Ötekisi “Yaratılsın yer!” diye bağırdı aniden, elleriyle yeri göstererek. “Yaratılsın gök!” diye bağırdı tekrar, gökyüzünü göstererek.
Sustular ve ateşi izlemeye başladılar.

“De ki hep, yaptım oldu. Başka bir şey söyleme. Hele ki yaratırken, yaptım olmadı, deme.” diye mırıldandı en başından beri sessiz sessiz oturan. İnce bıyıklı ve çenesinde sakallı yüzünü ateşten ayırıp diğerlerinin yüzlerini inceledi. Uzun süre bakıştılar sadece, en sonunda “Bir gün Tanrı Ülgen’i bulacağım.” dedi.

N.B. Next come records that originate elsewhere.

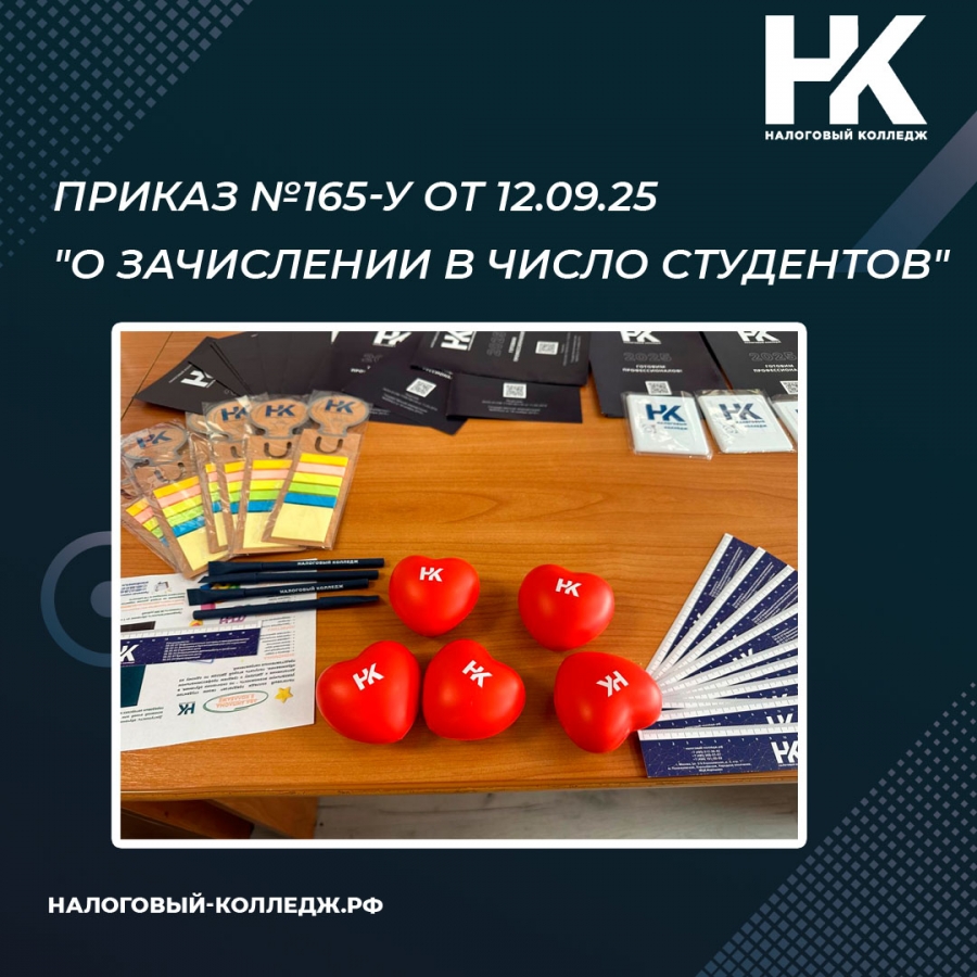 Приказ №165-у от 12.09.25 "О зачислении в число студентов"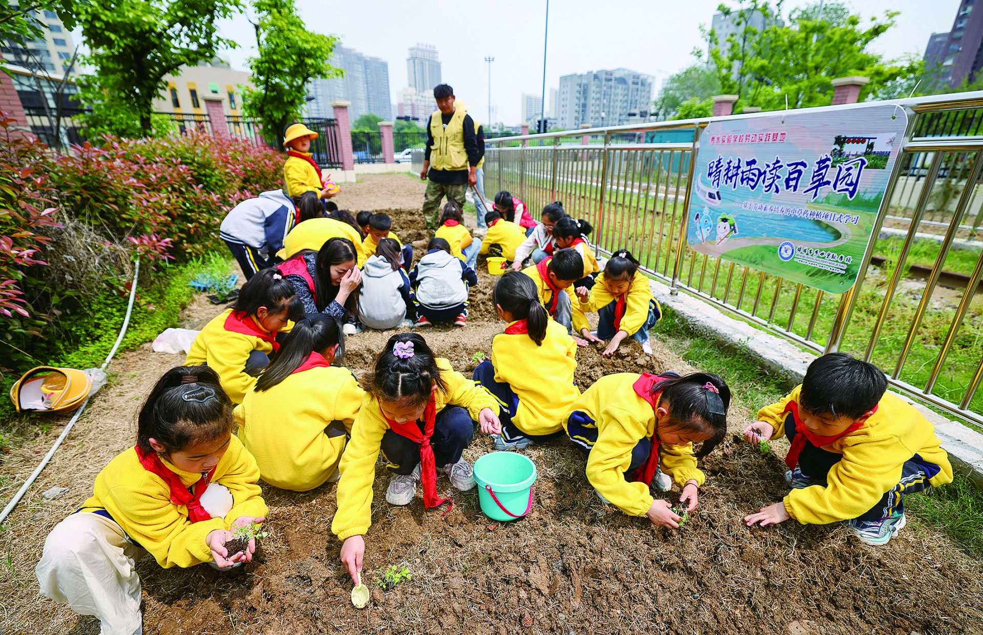 當天上午,在秀水實驗學校“晴耕雨讀百草園”內,來自該校二年級的同學正在移栽薄荷,這個園子位于校園北面,雖然面積不大,但種植的中藥品種不少,包括艾草、金銀花、薄荷、芍藥及百合,通過精心挑選的這些藥用植物,秀水實驗學校希望激發學生們對自然的感恩之心以及熱愛和保護地球的意識。
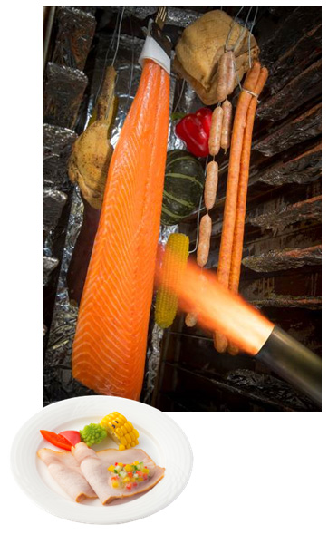 (1)・巨大バーナーで炙る「スモークライブ」秋刀魚&ポーク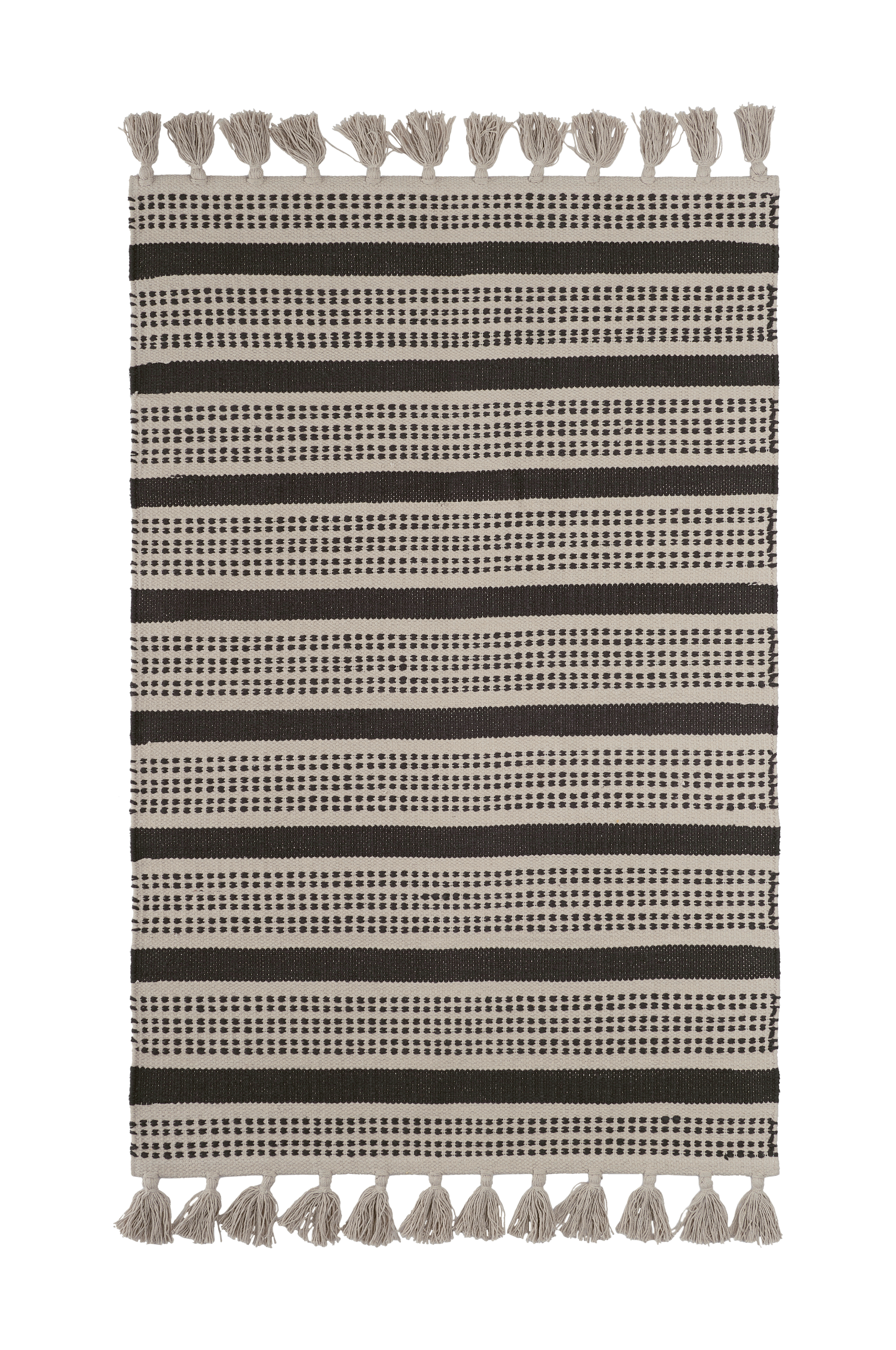 Raitakuosinen kylpyhuonematto puuvillaa. Päissä hapsut.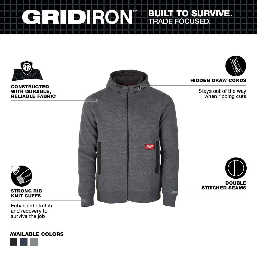 Milwaukee Men's 2X-Large Gray GRIDIRON Full-Zip Hoodie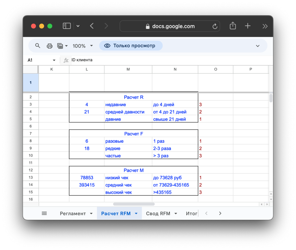 M — сумма покупок. Например, у нас низкий чек — до 73 628 ₽, средний чек — от 73 629 до 435 165 ₽, а высокий — больше 435 165 ₽.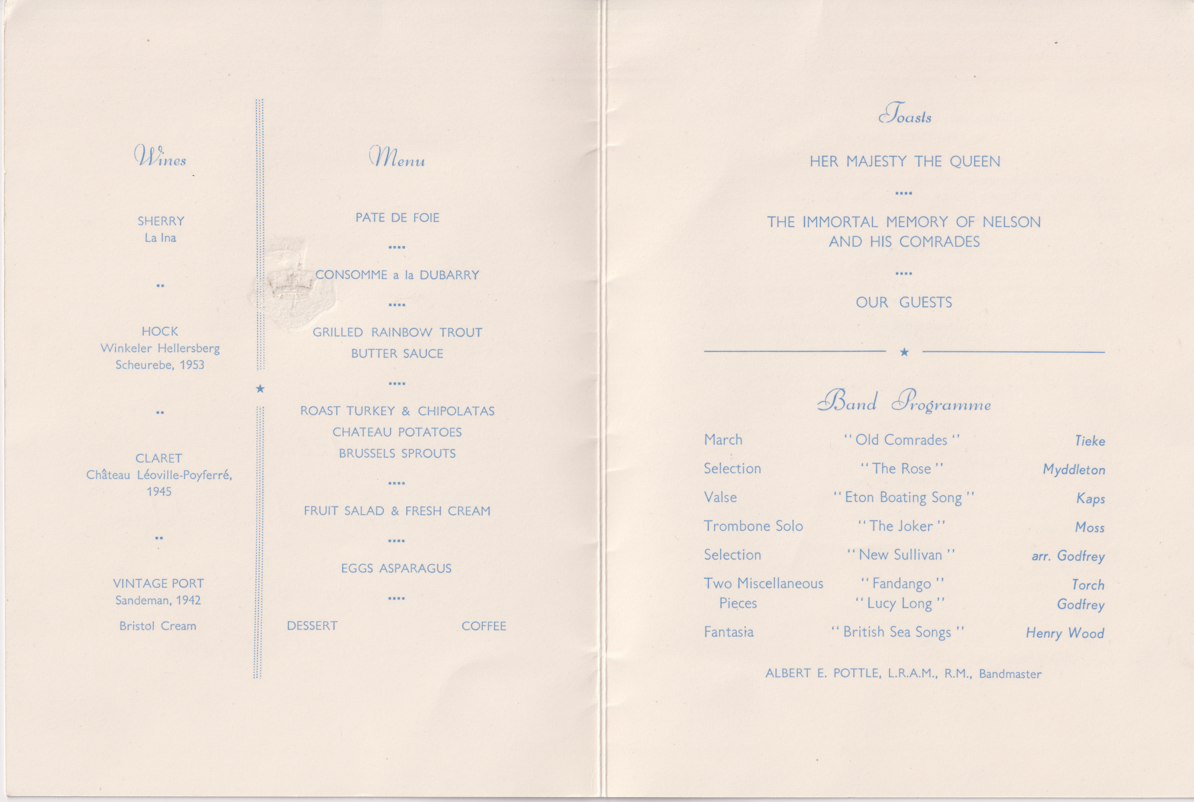 Trafalgar Night Dinners are known for their extravagant menus (as you can see from some of the menus in our collection), and normally consist of three courses. The menu has evolved over the years, though fish is normally served as a starter.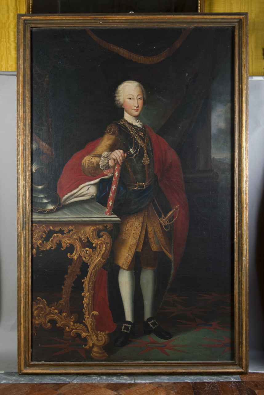 Ritratto in piedi a figura intera, testa quasi di fronte, con corsaletto, camicia bianca con jabot, collare dell'Ordine della SS. Annunziata, abito ricamato su fondo giallo, manto rosso foderato d'ermellino, fascia azzurra all'addome, brache, calze bianche e scarpe con fibia. La mano destra tiene lo scettro con croci, che è appoggiato sopra un tavolo sul quale è posato anche l'elmo. L'altro braccio, appoggiato al fianco, è celato sotto il manto rosso. Il ritratto è ambientato in un interno, si intravede un'apertura paesaggistica sullo sfondo a destra oltre una colonna. Cornice di legno dorato, con qualche caduta della doratura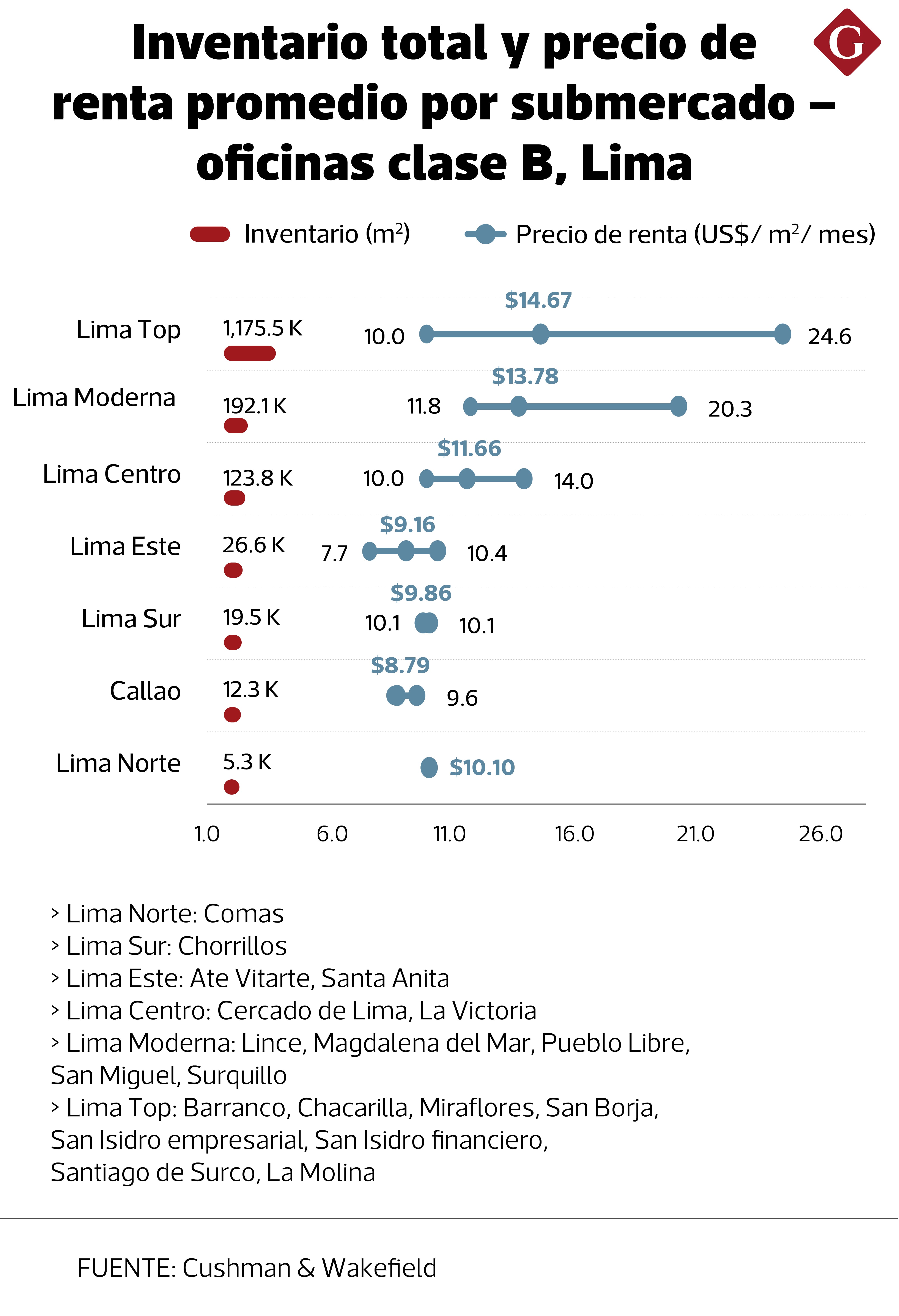 En Clase A, en cambio, los nuevos proyectos llegarán recién en el 2027 y lo harán con precios por encima de los US$ 20 por m². Antes de tal escenario, la renta promedio podría ubicarse entre US$ 17 y US$ 18 por m², de manera progresiva.

Diğerleri gülmeye başladı. Öyle şiddetli gülüyorlardı ki üzerinde oturdukları kütükten düştüler. Kahkahaları umursamadı ve kafasını gökyüzüne çevirdi. Kutup Yıldızı’nı bulunca uzun uzun baktı, bir gün Tanrı Ülgen’i bulacağım, dedi mırıldanarak ve sonunda tekrar ateşe çevirdi bakışlarını.

II.

Sabah uyandığında diğerlerini göremedi. Çantasını açınca yiyeceklerinin ve suyunun çalındığını fark etti. C anı sıkkın bir şekilde ufku taradı, söylenmedi, arkalarından lanetler savurmadı. Boş olan çantasını boynundan geçirdi ve yola çıktı. Yürüdüğü bu çorak toprakların üzerinde daha önce de defalarca yürümüştü. Bu topraklarda savaşmış, sevişmiş, ölmüş ve dirilmişti. Zamanında bir savaşta aldığı ölümcül yarayı ve iyileşme sürecini hatırladı. Sol göğüs çizgisinin üç parmak altındaki yarayı ovdu, farkında olmadan.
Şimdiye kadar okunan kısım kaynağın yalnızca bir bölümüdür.